Only Mr. Blonde is relishing the journey, expiring a few civilians along the way and taking a police officer, Marvin Nash, as a hostage for his later sadistic pleasure. Mr. Blonde ties up Marvin to a chair as K-Billy’s Super Sounds of the 70’s radio bounces along with ‘Stuck in the Middle with You’ by Stealers Wheels. It is in this scene that Mr. Blonde earns his cinema cachet and online kudos, becoming the face that launched a thousand gifs.

Marvin pleads for his life to the delight of Mr. Blonde who responds with, “I don’t give a fuck what you know, or don’t know, but I’m gonna torture you anyway, regardless”. To Marvin’s increasing hysteria, Mr. Blonde leisurely dances closer, and with the faintest grin carves off the police informant’s right ear. “Was that as good for you as it was for me?” mumbles Mr. Blonde with delectation.

The true sense of this sadistic gratification though is revealed when Mr Blonde exits the garage. He loses his fancy footwork, steps out cautiously, looking about for prying eyes and is altogether just another average Joe.

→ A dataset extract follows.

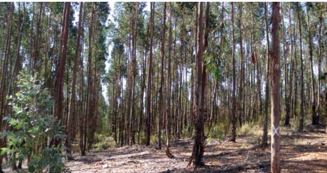
Plantación de eucaliptos.

saliendo a la izquierda por la vereda del Alpizarejo. Desde el camino, a la izquierda veremos el Castillo de Alpízar, fortaleza de origen Almohade, declarada BIC, y el acebuchal del mismo nombre, declarado Lugar de Interés Comunitario (LIC). Y a la derecha la aldea de Tujena, que se asienta en las proximidades de donde estuvo la antigua población prerromana y romana de Tejada la Nueva, fundada en la minería entorno al río Corumbel. En ella se celebra anualmente la romería de S. Isidro Labrador, muy popular en Paterna. Nuestro camino entre olivares nos lleva a pasar junto a una antigua canteira, y luego a vadear el río Corumbel, que es un afluente del Tinto, y cuyo nombre proce-

The moment he enters the garage and the radio belts out that “the feeling that something ain’t right,” he once more becomes Mr. Blonde, picks up where he left off and shuffle dances – all because he has a captive audience in Marvin, who watches him in horror. This is the wicked enjoyment from a psychopath who loves the attention as he feeds on the last vestiges of life.

 

5. Thomas “Tommy” DeVito (Goodfellas, 1990)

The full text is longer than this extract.